It was raining that night as Ivy descended the Great Shaft, slow droplets falling between the bars and pattering into the stagnant water below. But she’d brought a rope this time, fastening one end tight at the foot of the iron railing and the other around her waist, so even if she slipped she wouldn’t fall far.

She’d expected to hear the spriggan talking, as he had the night before. But the shaft was silent, and as she lowered herself into his cell the only sounds were the rasp of hemp on stone and the scuffing of her own bare feet. ‘It’s me,’ she whispered, brightening her glow so he could see her. ‘Are you awake?’

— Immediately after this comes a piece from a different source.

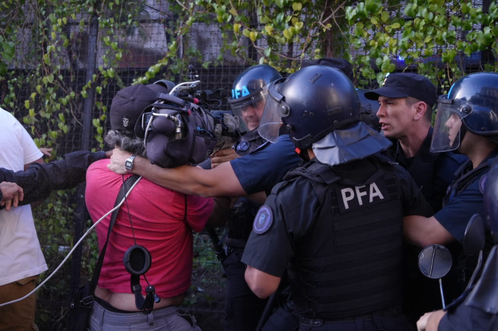 Además de detener a los activistas, la Federal arremetió con gases a periodistas que se encontraban cubriendo en el lugar, resultado herido y detenido Facundo Tedeschini, camarógrafo de A24. «El gobierno dice no odiar tanto a los periodistas y lo demuestra así», escribió en sus redes el Sindicato de Prensa de Buenos Aires.

The prisoner sat against the wall, hands dangling between his knees. He looked like a corpse at first, eyes glazed and features slack, but as Ivy approached he stirred and gave a feeble smile. ‘
But soft!
’ he murmured. ‘
What light through yonder window breaks?

‘What are you talking about?’ asked Ivy, sharp with the effort of hiding her relief. ‘There aren’t any windows here.’

‘It’s a line from a play by Shakespeare,’ he replied. He must have seen Ivy’s blank expression, because he went on patiently, ‘Shakespeare was a human writer who lived a few centuries ago. Plays are stories made up of speeches and acted out in front of an audience. You understand the concept of theatre?’

‘You mean a droll-show,’ said Ivy. ‘Like at midwinter, when the children dress up and pretend to be warriors, or… monsters.’ She had almost said
spriggans.

The prisoner’s nostrils flared. ‘I suppose. In a crude fashion.’

Time to change the subject, before he made her feel any more ignorant. ‘I’ve been thinking about what you said to me. And…I’m ready to make a bargain.’

At once his expression changed. ‘Go on.’

‘I’ll take the iron off your ankle and help you get out of here, so you can take me to my mother. But I won’t ride on your back.’

She spoke the words firmly, determined not to betray even a hint of weakness. After all, even if he could transform himself into a bird, there was no guarantee that he wouldn’t fly off without her – or worse, take her somewhere she didn’t want to go.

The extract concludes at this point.